So this is a slight modification on the scenario that you had above.
Thread A                      Thread B
========                      ========
Recognize(comm, groupA)
Recv(comm, anysource)
----------- PROC X FAILS ----------------
                             Recognize(comm, groupB) // groupB contains proc X
Recv() returns ??

I think that the Recv() should fail since when it was posted Proc X
was not recognized yet. So to avoid unintentionally blocking ThreadA,
it should return an error. The question becomes how to implement this
semantic.

One way I thought that we could implement it is with a counter on the
request and communicator. When Recognize() is called it stores the
number of known alive processes (P_A) on the communicator, and sets
the boolean (is_any_source_enabled) to true. When a Recv(ANY_SOURCE)
is posted then that number (P_A) is copied onto the request, and
allowed to be posted since (is_any_source_enabled) is true. When a new
process fails in the communicator the boolean (is_any_source_enabled)
is set to false. (is_any_source_enabled) should be used to force the
Recv request to return an error, but if Thread B calls Recognize()
before that check on the request then the check could return thinking
that all is well. But since when ThreadB calls Recognize() it updates
the counter (P_A), then in the request check we check not only the
(is_any_source_enabled) value but also the value of (P_A) stored on
the request against the value of (P_A) stored on the communicator. If
they are different then the request should return in error.

So that's a long way of saying, I think that the Recv() in ThreadA
should return an error, and I think there is a straightforward way of
providing this semantic without much overhead.

>
>> - 'notion of thread-specific state in the MPI standard?' From what I
>> could find, I do not think there is a notion of thread specific state
>> in the MPI standard. There is a concept of the 'main thread', but I
>> think that is as far as the standard goes in this regard.
>
> Yeah, the main thread was the only instance we could come up with here.
>
> I think what we really need to make this thread safe is another object that keeps track of whether the communicator is anysource enabled or of which processes have been recognized.  This object would then need to be passed in to all receive operations.  Each thread can manage its own object and enable/disable anysource receives as necessary.  Of course this means adding a new parameter to receive operations which I don't think would make the forum happy.
>
> Instead, by using thread-local storage, we make this object implicit.  If we want to make it implicit to avoid adding parameters to receive, without using thread-local storage, we run into the thread safety issues.
>
> So the options I see are:
>    1. Change the API and add a parameter to receive function
>    2. Make the state implicit but don't use thread-local storage and have thread safety
>        problems
>    3. Make the state implicit and use thread-local storage
>
> I think 3 is the least evil of the three.

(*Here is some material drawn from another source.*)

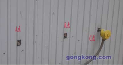 2、在管道2600mm侧距外壁650/1300/1950mm处分别开A、B、C三个孔,见图一。

I think all three are evil for different reasons, but I agree that we
must have a solution that allows the user to write a thread safe
program.

So I think (1) is something we should try to avoid. Adding a new Recv
function and a new object seems hack'ish. We got a fair amount of push
back from the Forum for adding implicit state on the communicator, so
(2) and (3) seem to bring that back a little more strongly than we
have so far in this thread. Potentially having any_source enabled in
one thread but not another on the same communicator is a weird
semantic to introduce, so we should avoid trending that way.

The (4) option would be to make this the user's problem. I think it
would be easier on all sides if we just said that the example you
cited was erroneous/dangerous since two threads are mutating the state
(is_any_source_enabled) of a shared object (comm), and the user is
responsible for coordinating that action.

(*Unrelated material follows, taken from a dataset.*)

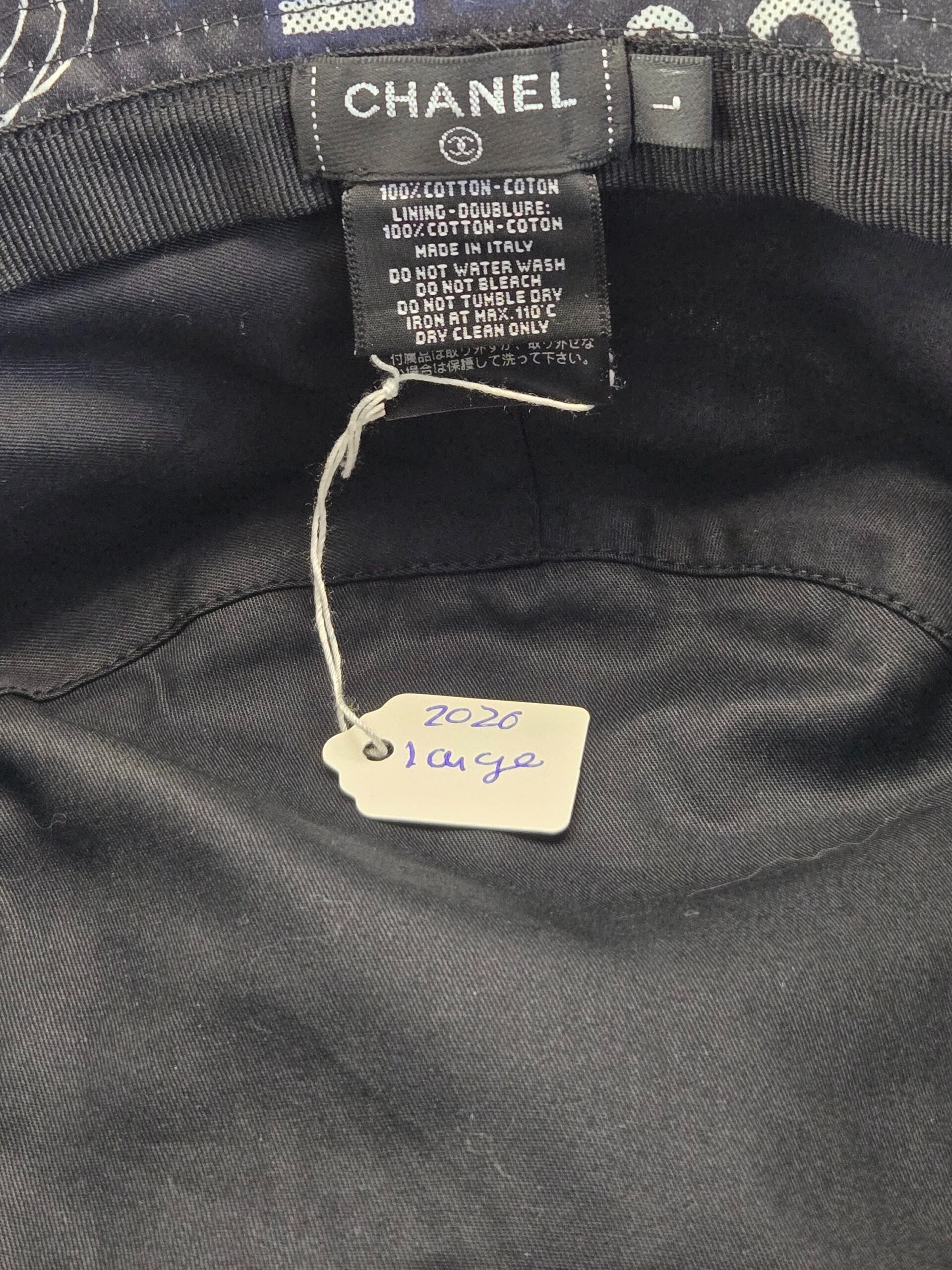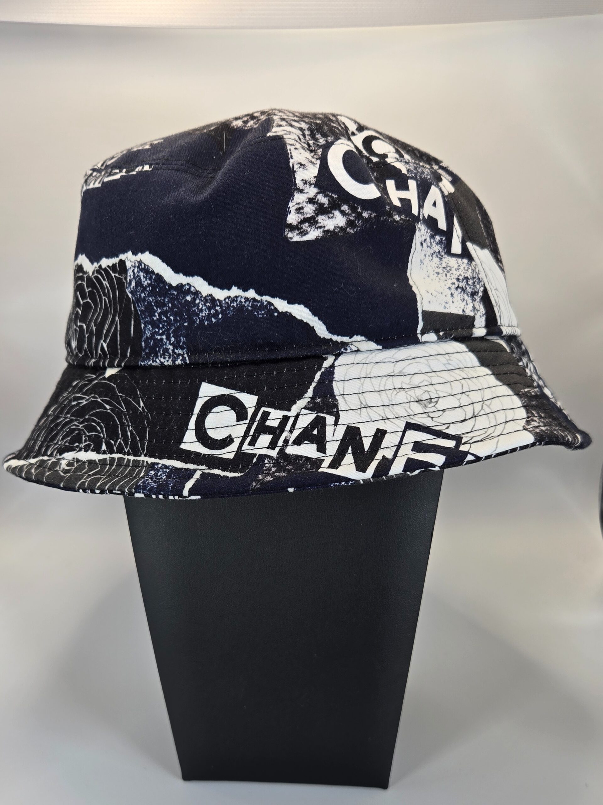 Chanel Bucket Hat, Blue and Black, Size L, Chanel Cambon, Cotton Coco Bucket Hat with white print.

The first approach I thought of is below, though I admit that it is
off-the-cuff so might be rough or wrong.

If the threads use a reader/writer like construct to make sure that
Recognize (writer) is only called when there are no outstanding
Recv(ANY_SOURCE)'s posted (readers) then I think the user can avoid
this problem.

The complexity comes in (as it does in all FT programs) when we think
of when Recognize() is expected to be called. I would expect it to be
called in response to a detected process failure.

So the program might look like (need different tags to provide thread context):
Thread A                      Thread B
========                      ========
while(...) {                  while(...) {
if(!Recv(comm, any, tagA))    if(!Recv(comm, any, tagB))
  Recognize(comm, groupA)        Recognize(comm, groupB)
}                             }

Then with a reader/writer like construct we would force the user to
complete all outstanding Recv(comm, any_source) operations before
calling Recognize() on the communicator. Since Recv(any_soruce) is
guaranteed to complete if there is a new error then there is no
deadlock in waiting for the Recv(any_source) to complete.

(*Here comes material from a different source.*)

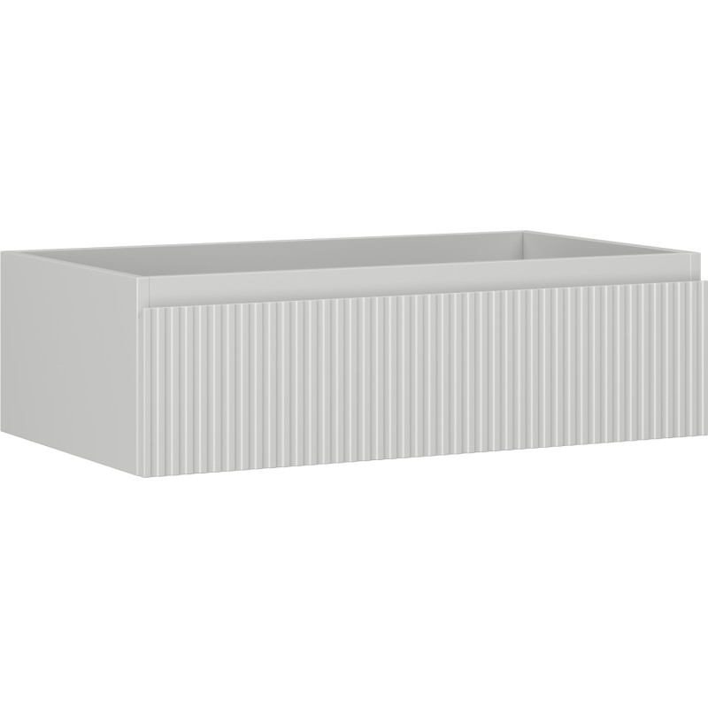 Specifikace produktu: Šířka: 80 cm Výška: 23,5 cm Hloubka: 46 cm Barva korpusu: Matně šedá Materiál korpusu: Lakovaná deska Barva čela: Matně šedá Materiál čela: Lakovaná MDF deska Struktura čela: Drážkovaná Počet zásuvek: 1 Prostorná zásuvka s funkcí tlumeného dovírání Plný výsuv pro snadný přístup k obsahu zásuvky Povrch odolný vůči UV záření Kombinovatelný s pracovní deskou nebo umyvadlem Otis, Vela Smontovaný produkt

So adding the reader/write locks we would have:
Thread A                      Thread B
========                      ========
while(...) {                  while(...) {
reader_enter()                reader_enter()
if(!Recv(comm, any, tagA))    if(!Recv(comm, any, tagB))
  reader_leave()                 reader_leave()
  writer_enter()                 writer_enter()
  Recognize(comm, groupA)        Recognize(comm, groupB)
  writer_leave()                 writer_leave()
else                          else
  reader_leave()                 reader_leave()
}                             }

And they might interleave like:

Thread A                      Thread B
========                      ========
reader_enter()                reader_enter()
Recv(comm, any, tagA)         Recv(comm, any, tagB)
----------- PROC X FAILS ----------------
// Recv fails
reader_leave()
writer_enter() // waits
                              // Recv fails
                              reader_leave()
                              writer_enter() // no-wait
                              Recognize(comm, groupB)//{X}
                              writer_leave()
                              reader_enter() // waits
----------- PROC Y FAILS ----------------
Recognize(comm, groupA)//{X,Y}
writer_leave()
                              Recv(comm, any, tagB)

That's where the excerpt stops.